DATA EXCERPT
****
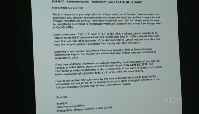 根据他在2026年4月2日从移民部(IRCC)收到的一封“程序公正信”(procedural fairness letter),他是在2025年9月4日提交的难民申请。信中指出他首次入境加拿大的时间为2023年8月9日,并要求他在4月23日前补充材料。同时警告称,他的申请可能不会被转交至难民保护部门(Refugee Protection Division Canada)——也就是负责审理难民申请的主要机构。
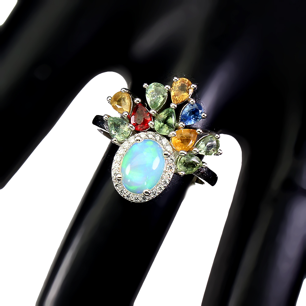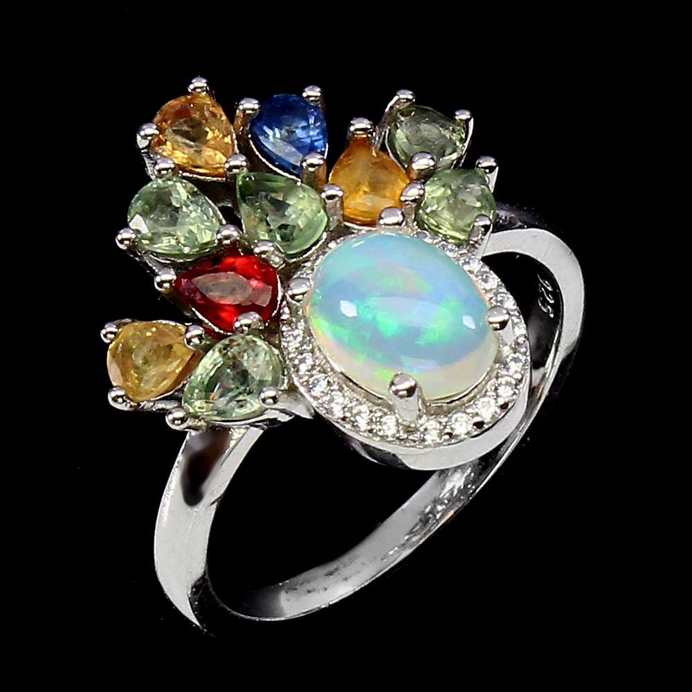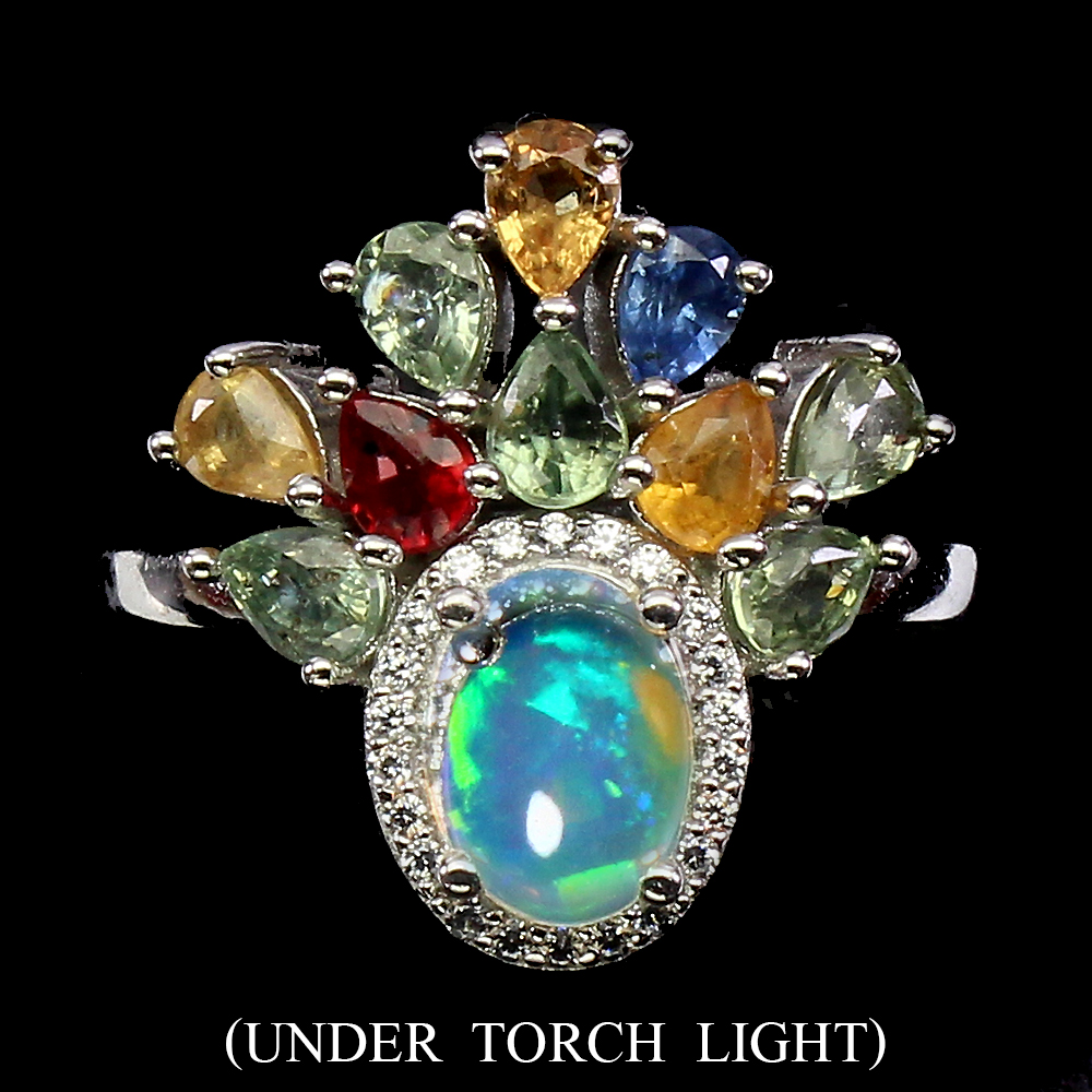 Unheated Oval Fire Opal Rainbow 8x6mm Sapphire Cz 925 Sterling Silver Ring
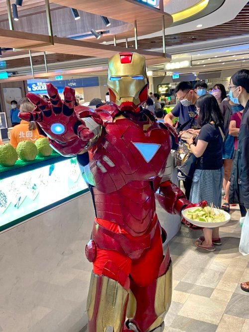 ▼開幕前幾天都有SG請大家試吃甘草芭樂,沒想到連鋼鐵人都來啦~~看來人氣也挺旺的!!
****
WHAT IS REQUIRED
From the line containing "Unheated Oval Fire" down to the final line of the material, restate every line word for word, and only those; drop the pictures.

ANSWER FOR THIS EXERCISE
 Unheated Oval Fire Opal Rainbow 8x6mm Sapphire Cz 925 Sterling Silver Ring
 ▼開幕前幾天都有SG請大家試吃甘草芭樂,沒想到連鋼鐵人都來啦~~看來人氣也挺旺的!!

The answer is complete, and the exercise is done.